I am using WolframAlpha Exponential-Fit formulas to find equation of Exponential Regression
http://mathworld.wolfram.com/LeastSquaresFittingExponential.html
but after implementation, I tested with a simple set x,y pair : [{1,2},{3,4},{5,6}]
My app result :
A = 1.59431... , B = 0.27465...
While WolframAlpha double check with calculation expression :
http://www.wolframalpha.com/input/?i=exponential+fit+%7B%7B1%2C2%7D%2C%7B3%2C4%7D%2C%7B5%2C6%7D%7D
have different results :
A = 1.75135 , B = 0.24929
I full checked my code and can make sure, I followed formulas from WolframAlpha
Someone can guide me what wrong I am
This is a normal and classical situation. Say that your model is $$y=e^{a+b x}$$ This model is nonlinear with respect to its parameters but you can linearize it writing $$\log(y)=a+bx$$ which is linear.

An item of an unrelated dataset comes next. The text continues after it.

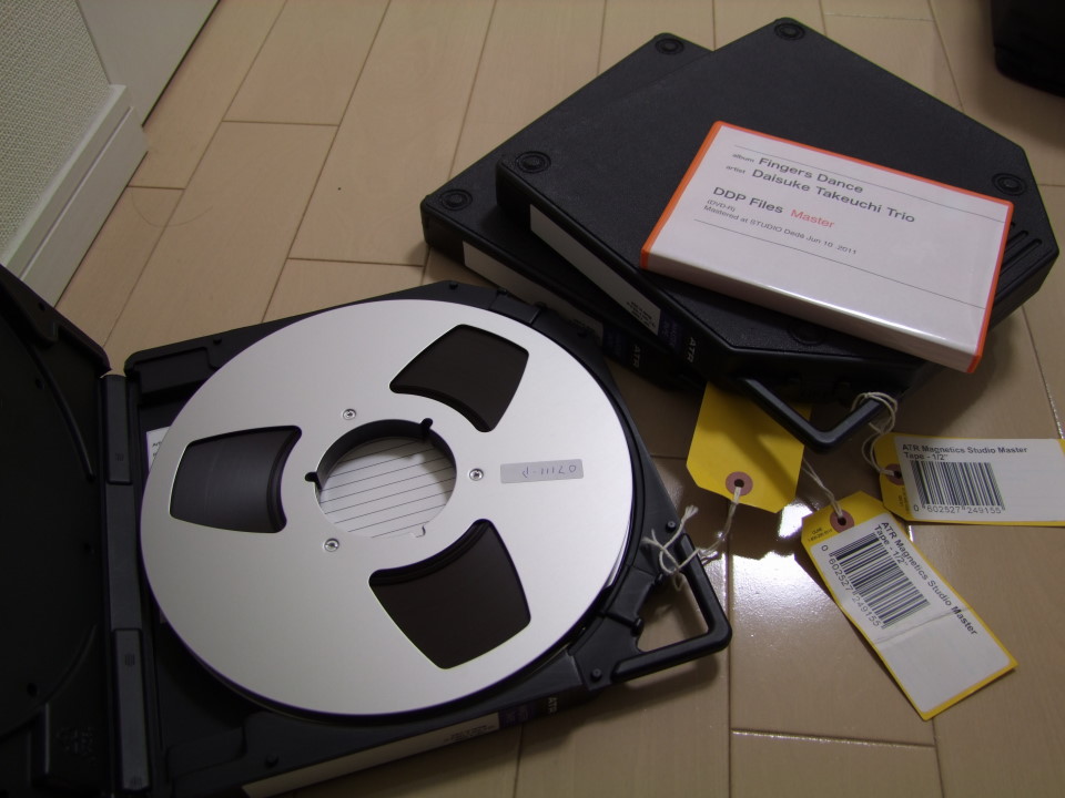 さて、今回の録音は何度も言っているように、パソコン等のデジタル機器を使わず、テープで録らせて頂きました。…とは言え、実際にはCDで聴くので、結局はパソコンを通す事になるのですが、それでも、テープで録った時のあの柔らかい感じが表現出来ていて、非常に自分好みで心地良い音楽の空間が再現されています。そのマスター・テープは自分にも戴けて、合計で3本(1本、30分弱しか録音出来ないのです)のテープが自宅にあるのですが、右上写真にあるように、なかなか大きな代物です(その右上に写っているオレンジ色のケースが、一般的なDVDのケースの大きさです)。正に、形ある物が残せた…という印象がありますね。

Applied to your data points, this leads to $$\log(y)=0.466441+0.274653 x$$ which corresponds to the minimization of the sum of squares on the logarithms of $y$. If you use these values as starting guesses for the non linear fit, you obtain $$y=e^{0.560384+0.249292 x}$$ which corresponds to the minimization of the sum of squares on $y$ which can be very different.
What the document you refer to shows is how to do the first step. What Wolfram Alpha does corresponds to the second step which is the correct one.
If you compute the sum of squares on the $y$'s, the first model leads to $0.230271$ while the second model leads to $0.159576$ which is much better.